Could you output the listing that follows exactly, without its images?

*** Stored data ***

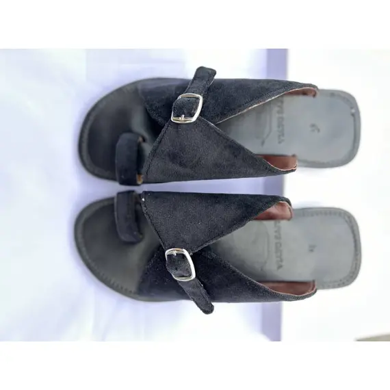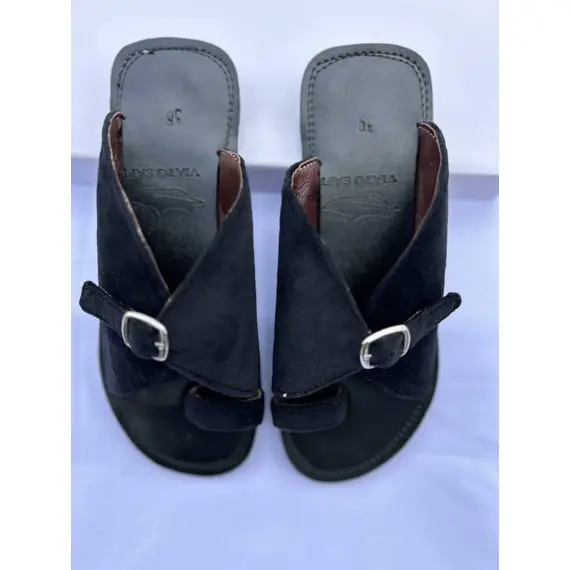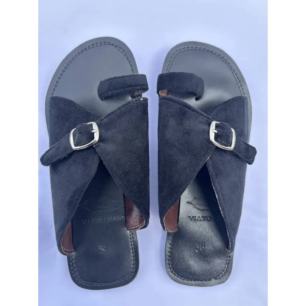 VIATO SAFI Unisex Black Leather Open Sandals with Forefoot Strap – Relaxed Summer Style
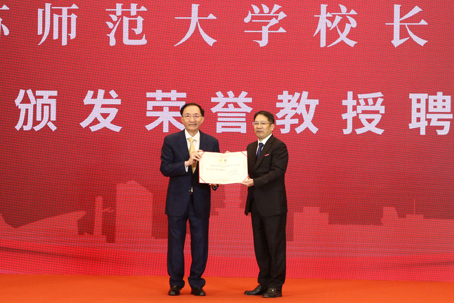 周汝光向林高演颁发江苏师范大学荣誉教授聘书
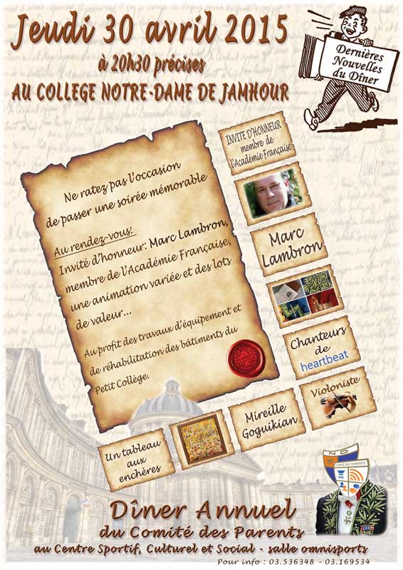 Le Comité des Parents a le plaisir de vous annoncer la date de son dîner annuel le jeudi 30 avril 2015 à 20h30 dans la Salle Omnisports - Espace Joe Saradar du Centre Sportif Culturel et Social du Collège. Nous vous invitons à réserver d’ores et déjà cette date.

***

— Problem solution —
 VIATO SAFI Unisex Black Leather Open Sandals with Forefoot Strap – Relaxed Summer Style
 周汝光向林高演颁发江苏师范大学荣誉教授聘书
 Le Comité des Parents a le plaisir de vous annoncer la date de son dîner annuel le jeudi 30 avril 2015 à 20h30 dans la Salle Omnisports - Espace Joe Saradar du Centre Sportif Culturel et Social du Collège. Nous vous invitons à réserver d’ores et déjà cette date.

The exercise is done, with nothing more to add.